Waldbaden, die natürliche Gesundheitserhaltungs- und Entspannungsmethode aus Asien, ist über Amerika in Europa angekommen. Noch ist es zwar nicht so weit, dass die Gäste in Klais auf Hängematten zwischen den Bäumen schaukeln wie in Korea. Das kann man aber schon im Westerwald. Doch Hoteldirektor Klaus Kling plant gerade einen Onsen, ein japanisches heißes Quellbad in der Natur. Bislang speist die hauseigene Quelle nur das Trinkwasser und die Schwimmbecken.

„NaRuBeWe“ haben die Kranzbacher das Shinrin-Yoku in ihre Hotelphilosophie übersetzt: Natur, Ruhe, Bewegung und Wellness. Tatsächlich wirken Wiesen, Wald und Berge in jeden Raum des Hauses zumindest durch die Fenster hinein. Auch im großen Bergspa, in den Yoga- und Fitnessräumen.

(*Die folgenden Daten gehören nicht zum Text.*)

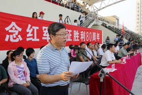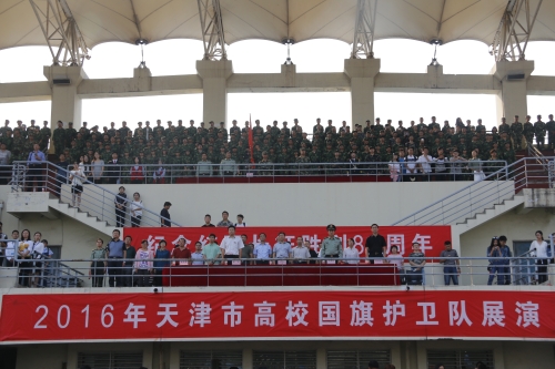 2016年9月23日下午,纪念红军长征胜利80周年暨天津市高校国旗护卫队展演在爱体育网页版举行。本次活动由天津教育委员会主办,爱体育网页版、天津市学校国防教育协会承办。来自爱体育网页版、天津师范大学、河北工业大学、中国民航大学等30所高校的30支方队1300余人参加,天津市人民政府教育督导室督学闫国梁、天津警备区学生军训办主任辛维刚、爱体育网页版纪委书记裴军、天津教委体卫艺处处长张华泉、天津教委体卫处副处长杨继荣等领导出席。

Mit Arnika und anderen Kräutern, Latschenkiefern- und Zirbenöl sowie Bergsalz oder Heu für Leberwickel bringen die Masseure und Therapeuten die Wirkstoffe des Waldes in den Körper. „Intuitiv hat der Mensch schon immer gespürt, dass der Wald ihm guttut“, sagt Müller. „Heute wissen wir, dass die Terpene des Waldes wie kleine Medikamente wirken. Also atmen Sie einfach, den Rest übernimmt der Wald für Sie.“

INFO
Das Kranzbach gehört in Deutschland zu den Pionieren des Waldbaden Im Taunus und im schweizerischen Aletschwald führt Annette Bernjus ihre Gruppen in den Wald. Im Westerwald liegt man in Hängematten. Thüringen steuert zum Waldbaden auch Expeditionen bei. Massagen im Wald und einen großen Spa mit Mooswänden, Reisig und kleinen Bäumen gibt es in Leogang in Österreich. In Flims in der Schweiz führt Waldbaden an einen Wasserfall. In den Dolomiten führt der Besitzer des Miramonti die Gäste in den Wald, und das Hotel Gitschberg ergänzt die Naturwellness mit einer Blütenuhrmassage (www.gitschberg.it).